Dehydronorketamine

Clinical data
- ATC code: None;

Identifiers
- IUPAC name 6-Amino-6-(2-chlorophenyl)cyclohex-2-en-1-one;
- CAS Number: 57683-62-2;
- PubChem CID: 162835;
- ChemSpider: 142954;
- UNII: J5442FVV58;
- CompTox Dashboard (EPA): DTXSID80973283 ;

Chemical and physical data
- Formula: C_{12}H_{12}ClNO
- Molar mass: 221.68 g·mol^{−1}
- 3D model (JSmol): Interactive image;
- SMILES C1CC(C(=O)C=C1)(C2=CC=CC=C2Cl)N;
- InChI InChI=1S/C12H12ClNO/c13-10-6-2-1-5-9(10)12(14)8-4-3-7-11(12)15/h1-3,5-7H,4,8,14H2; Key:BXBPJMHHWPXBJL-UHFFFAOYSA-N;

= Dehydronorketamine =

Chemical compound

Dehydronorketamine (DHNK), or 5,6-dehydronorketamine, is a minor metabolite of ketamine which is formed by dehydrogenation of its metabolite norketamine.

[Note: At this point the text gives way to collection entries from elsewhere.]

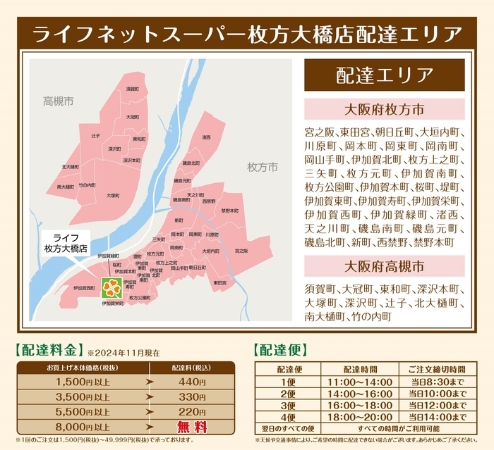“おいしい” “ワクワク” “ハッピー” をお届けするライフコーポレーションは、2月26日(水)より枚方大橋店で「ライフネットスーパー」のサービスを開始しました。
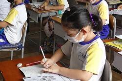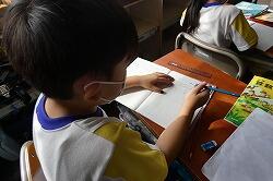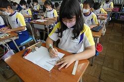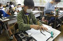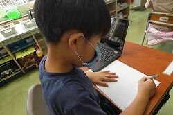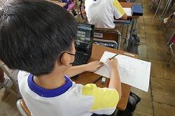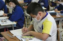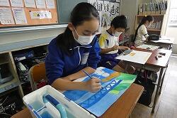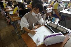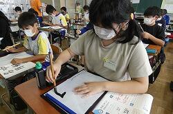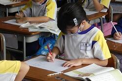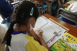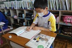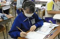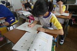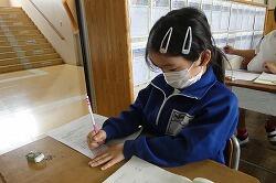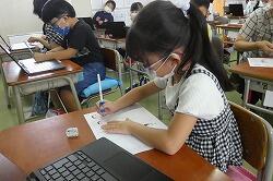話し声が一切聞こえず、全集中で書いている6年生です。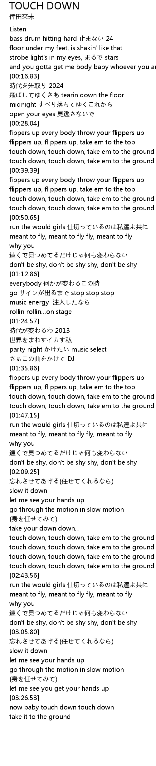 | [03:31.73] | now baby touch down touch down |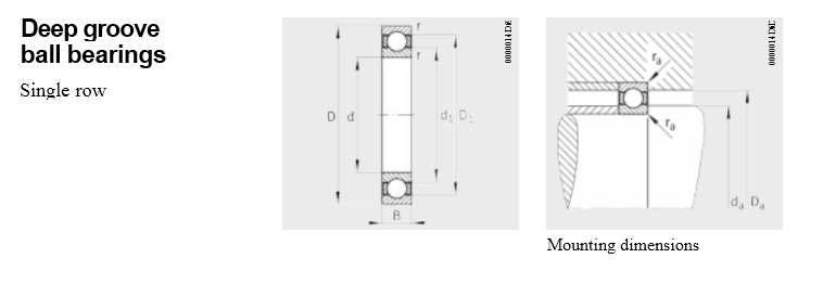 Single row deep groove ball bearings are of a simple design, robust in operation and easy to maintain. Due to their low frictional torque, deep groove ball bearings are suitable for high speeds. Deep groove ball bearings with standardised main dimensions and standardised designations (DIN 625-1) are used, for example, in gearboxes, electric motors, converter drive units and roll stands. Deep groove ball bearings with non-standardised designations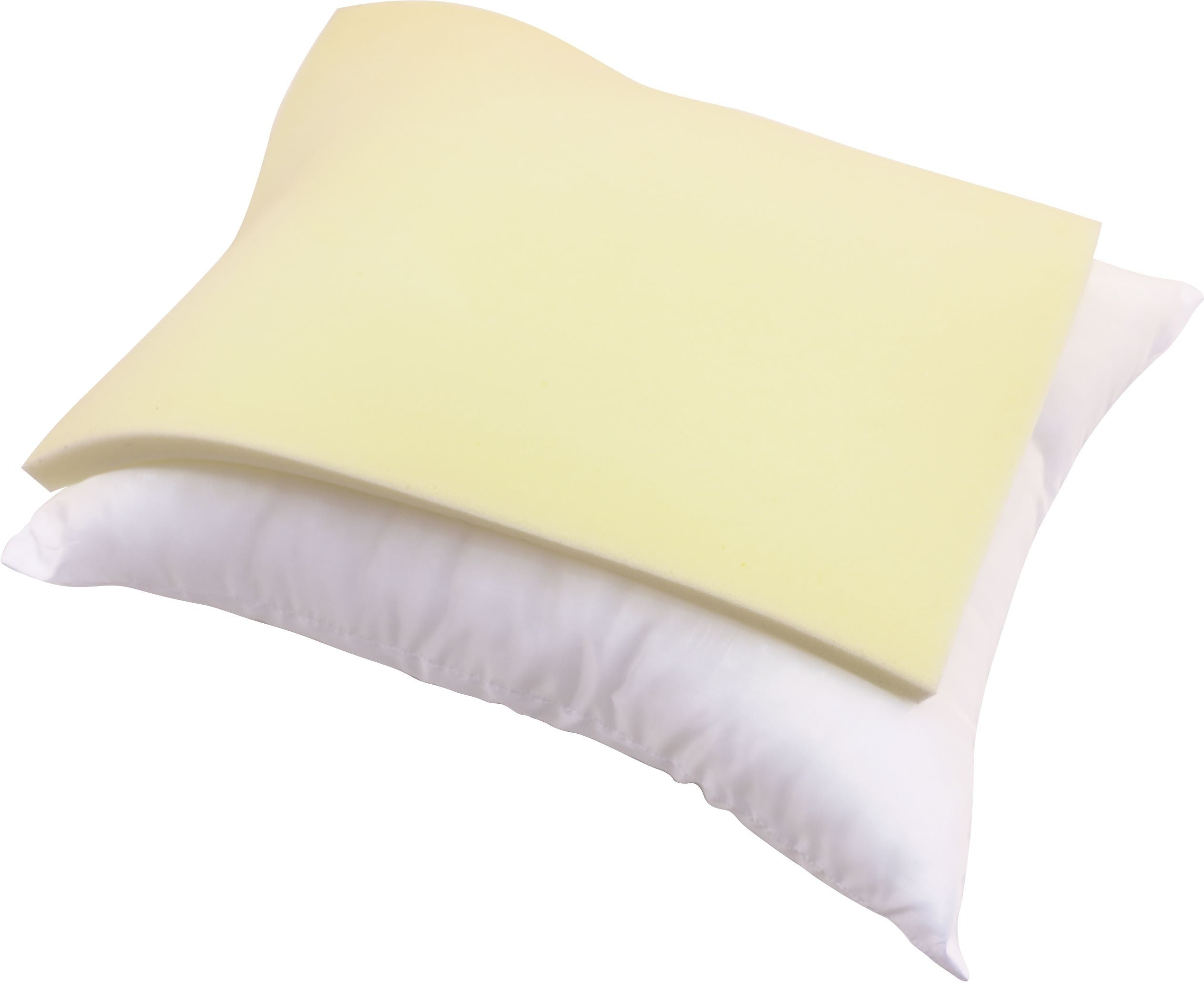特殊原材料配合の「生ウレタン」(厚さ約2cm)と、通常の枕の約1.2倍量にあたる500gの中わたを使用しています。やわらかいけれど適度な弾力のある枕です。

Though originally considered to be inactive, DHNK has been found to act as a potent and selective negative allosteric modulator of the α_{7}-nicotinic acetylcholine receptor (IC_{50} = 55 nM). For this reason, similarly to hydroxynorketamine (HNK), it has been hypothesized that DHNK may have the capacity to produce rapid antidepressant effects. However, unlike ketamine, norketamine, and HNK, DHNK has been found to be inactive in the forced swim test (FST) in mice at doses up to 50 mg/kg. DHNK is inactive at the α_{3}β_{4}-nicotinic acetylcholine receptor (IC_{50} > 100 μM) and is only very weakly active at the NMDA receptor (K_{i} = 38.95 μM for (S)-(+)-DHNK). It can be detected 7–10 days after a modest dose of ketamine, and because of this, is useful in drug detection assays.